От неожиданности я чуть не подпрыгнул. Еще один обиженный жизнью неудачник. У него испитая мордень и наглый взгляд выпуклых глаз. Трясущимися руками зябко кутается в замызганный плащ. Даже здесь, на улице, от него смердит мочой. Поначалу он вызвал у меня смешанное чувство смутной жалости и отвращения. Однако, при всей своей жалкости, держится он с видом собственного превосходства. Меня задел его развязно-требовательный тон, а еще больше, преподлое выражение его физиономии.
– Я б тебе их подкинул… – неуверенно начал я, – Да еще потеряешь, – и уверено закончил. Не стоит таким тоном у меня что-то вымогать.

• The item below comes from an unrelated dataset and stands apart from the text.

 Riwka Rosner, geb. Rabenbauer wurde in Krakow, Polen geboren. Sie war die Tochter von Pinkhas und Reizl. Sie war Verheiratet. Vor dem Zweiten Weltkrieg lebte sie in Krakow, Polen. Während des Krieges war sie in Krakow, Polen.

– Жалко, стало быть. Что ж, мои соболезнования, – его губы скривились в презрительной ухмылке, обнажив золотой зуб, а рядом с ним прореху из двух-трех отсутствующих зубов. Где ж ты их посеял, соколик? Не иначе, как при подобных обстоятельствах.

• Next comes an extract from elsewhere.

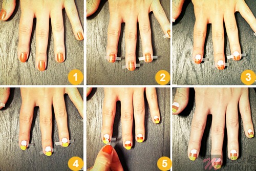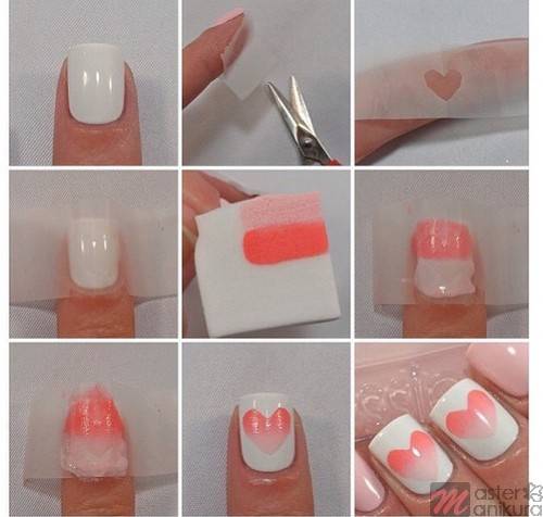 - покройте ногти лаком, как показано на схеме; нанесите 2 или 3 слоя, если это необходимо;

– Представь себе, не жалко, – разъясняю я. – Но, пока у тебя денег нет, ты нищий и у тебя никаких проблем, а если я тебе их дам, станешь богатым, начнешь голову ломать, что с ними делать. Лишняя головная боль. Гуляй, как есть, порожняком.
– Да, я нищий! – с неожиданной болью вскрикнул он. – Такой же, как ты… Когда-то и я был молодым и для меня тоже ничего не стоило унизить человека! Но в отличие от тебя, я никогда не мелочился, у меня было большое сердце, в нем помещался весь мир, со всеми его радостями и всем его горем. Но когда я стал лучше узнавать людей, живущих в этом мире, мое сердце становилось все меньше и меньше...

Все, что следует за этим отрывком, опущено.